* **Work order**
Every record must be repeated exactly; omit any pictures they contain.

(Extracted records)
====
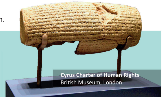
Cyrus Charter of Human Rights British Museum, London

THIS SHOWS THE IRANIANS KNEW OF THE MOVEMENT OF THE EARTH AROUND THE SUN OVER 2000 YEARS BEFORE GALILEO
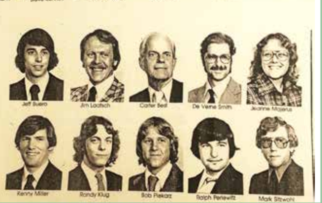
Employees of Schmidt Ford, Thiensville, 1978.
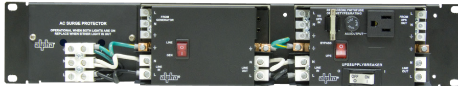
Universal Automatic Transfer Switch (UATS-far right) and Universal Generator Transfer Switch (UGTS-center) shown with surge protection (TVSS-left) in a 19" rack mount bracket (23" rack mount bracket also available).

CAN/CSA C22.2 No.107.3-05 UL1778 4th Edition Uninterruptible power systems CE: As component type for FXM UPS family and Micro UPS family (when enclosed in a box) EMC: Not applicable
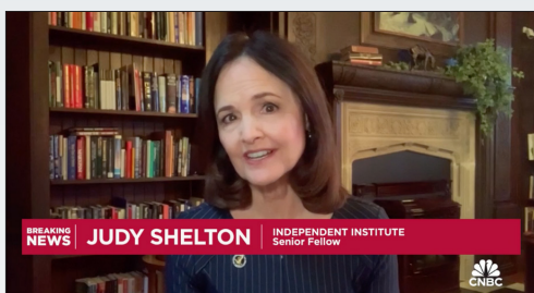
JUDY SHELTON ON CNBC, 1/26/24
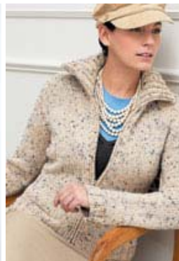
Zip Front Cardigan with Flared Sleeves (knit)
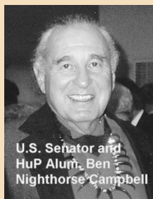
U.S. Senator and HuP Alum, Ben Nighthorse Campbell

Senator Ben Nighthorse Campbell (BS '58) chose not to seek a third term in the Senate. According to a recent article in Washington Square , Campbell said, "it was time to return to my ranch and family." Campbell has also battled some health issues over the last few years that may also have contributed to his decision. Campbell was a one-time Olympic Judo athlete and was active with the Spartan Judo team while at SJSU.
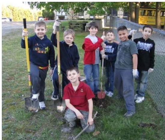
After their seedlings were planted the Scouts took time for a group photo Great job Scouts!!

THANKS to all the Scouts and adults who helped make this planting project a success.
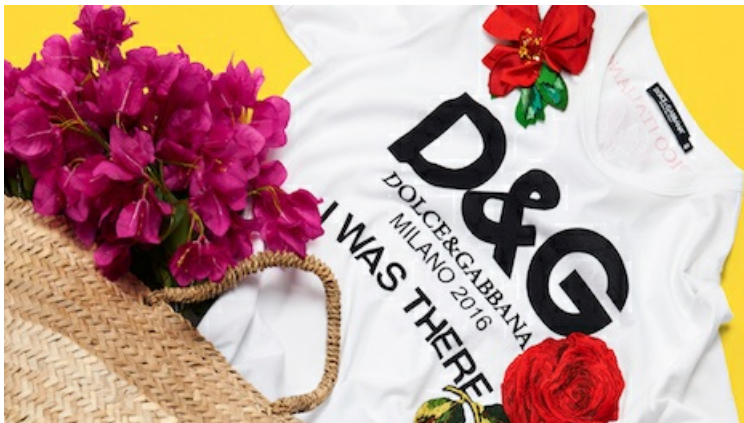
Dolce & Gabbana's "The Real Fake" T-shirt.

Fast-fashion players have taken a satirical approach to the logos of a number of luxury and designer brands, often taking their iconography and putting a comical spin on it. Labels are constantly working to protect their intellectual property, but taking a light-hearted jab at imitators may direct consumers to, as Dolce & Gabbana suggest, "The Real Fake" ( see story ).
====
* **Answer space**
Cyrus Charter of Human Rights British Museum, London

THIS SHOWS THE IRANIANS KNEW OF THE MOVEMENT OF THE EARTH AROUND THE SUN OVER 2000 YEARS BEFORE GALILEO
Employees of Schmidt Ford, Thiensville, 1978.
Universal Automatic Transfer Switch (UATS-far right) and Universal Generator Transfer Switch (UGTS-center) shown with surge protection (TVSS-left) in a 19" rack mount bracket (23" rack mount bracket also available).

CAN/CSA C22.2 No.107.3-05 UL1778 4th Edition Uninterruptible power systems CE: As component type for FXM UPS family and Micro UPS family (when enclosed in a box) EMC: Not applicable
JUDY SHELTON ON CNBC, 1/26/24
Zip Front Cardigan with Flared Sleeves (knit)
U.S. Senator and HuP Alum, Ben Nighthorse Campbell

Senator Ben Nighthorse Campbell (BS '58) chose not to seek a third term in the Senate. According to a recent article in Washington Square , Campbell said, "it was time to return to my ranch and family." Campbell has also battled some health issues over the last few years that may also have contributed to his decision. Campbell was a one-time Olympic Judo athlete and was active with the Spartan Judo team while at SJSU.
After their seedlings were planted the Scouts took time for a group photo Great job Scouts!!

THANKS to all the Scouts and adults who helped make this planting project a success.
Dolce & Gabbana's "The Real Fake" T-shirt.

Fast-fashion players have taken a satirical approach to the logos of a number of luxury and designer brands, often taking their iconography and putting a comical spin on it. Labels are constantly working to protect their intellectual property, but taking a light-hearted jab at imitators may direct consumers to, as Dolce & Gabbana suggest, "The Real Fake" ( see story ).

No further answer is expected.